When John Cena takes the ring for his second Premium Live Event of the year – his third if you count serving as a quest referee for Payback – at Fastlane, he will be standing alongside one of the most unlikely WWE success stories of the last few years: LA Knight.

That's right, unlike Cena, The Miz, and the performers he'll be standing across from in the ring in Indiana, Jimmy Uso and Solo Sikoa, LA Knight didn't have a character handed to him in his 20s, a character that the system developed into a main roster showstopper, with the “Megastar” instead having to craft much of what he does today on the indies after an unsuccessful sting in the WWE system from 2013-14.

And yet, according to “The Face That Runs the Place,” he sees a lot of parallels to his and Knight's story, as he told Kayla Braxton in an appearance on The Bump.

“I felt great, only because it reminds me of when I started to gain a little bit of notoriety and relevance in WWE. LA Knight and my story run parallel, he kind of just refused to give up and has done it his own way, even with being an underdog and being forgotten by the people in the bowels of the arena, but not by the people in the arena cheering him on,” John Cena said via Fightful. “I think what he's done is incredible. We work so hard to get where we're at, and this is a job that shouldn't exist. I sit in a director's type chair in wristbands and t-shirts, this shouldn't be a thing. So when you get a level of consistency, and you get a certain level of relevancy, you don't want it to ever go away, and I totally respect that.”

Asked about LA Knight's surging popularity, Cena complemented his tag team partner's connection to the WWE Universe, noting that while hype can come and go, this moment is special.

“Man, I could waste all of your time talking about how I love WWE because of moments like this,” Cena said. “No one knows what's going to happen next, and no one can control the narrative, and a lot of times, the audience can tell if they're trying to be controlled or pushed in a certain direction [points at self], and they rebel against it. I think that's wonderful because performers, it allows us to listen to the most important Superstar out there, and that's the WWE Universe.”

How will Cena's match with LA Knight and The Bloodline shake out at Fastlane? Will the duo come out on top as heroes? Or will one turn on the other, leading to a match between the duo at some show in the future like, say, at Crown Jewel on November 4th? Fans will have to tune in on Saturday to find out.

LA Knight reveals the advice he'd like from John Cena.

Sitting down for an interview of his own ahead of Fastlane, this time with the Getting Over podcast, LA Knight was asked if he could get any advice from a performer like John Cena or Dwayne “The Rock” Johnson what it would be.

Knight, to his credit, had an idea in mind: How to hide himself away in public.

“Now, I mean, there's certain little things that I want to ask about. How I can just hide myself in different ways?
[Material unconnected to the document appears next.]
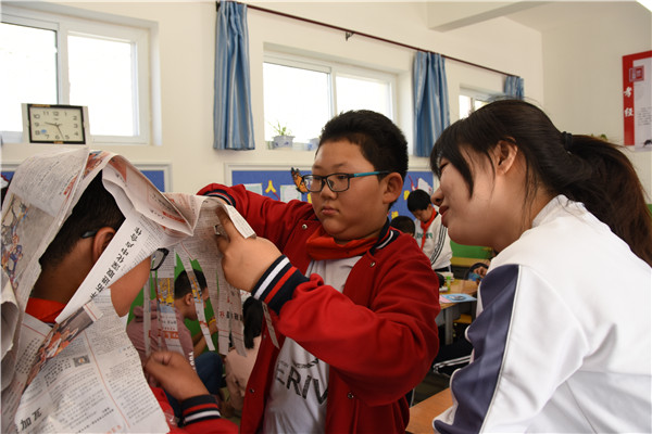 毕业班党员带领四年级学生利用废报纸制作创意时装

How do you how do you deal with that? I haven't really had that particular conversation. I mean, I always kind of try to grab Hunter whenever I can, and just kind of get a litmus test to where things are going, because I always need to know the direction. That's going to dictate what I'm doing, how I'm doing. Maybe it's a conversation I should have, now that you bring it up. I am the type that I just am not going to want to bother people with that. Again, that protection element comes in when I'm just like, ‘You know what, I'm just gonna not sweat this,' or at least appear that I'm not sweating it, and that'll be good enough,” LA Knight said.

“I mean, I've had to figure this whole d*mn thing out on my own anyway for 20 years. I didn't have a dad in the business. I didn't have any friends in the business. I didn't have any of that stuff. So it was basically, you know, I'm gonna figure it out as I go. That's what I did. Maybe I was a late bloomer because of it, and who knows, maybe it'll be to my detriment.”

One of the more attractive aspects of a young wrestler joining the WWE Performance Center is the sense of community build into the Orlando facility, with legends of the sport helping to coach you up, calling your matches, and, in Shawn Michaels' case, literally booking the shows. After not having that for so long, and, in turn, having to instead navigate his professional wrestling path on his own, getting the rub from multi-time World Champions like Cena and Triple H has to be a pretty incredible thing.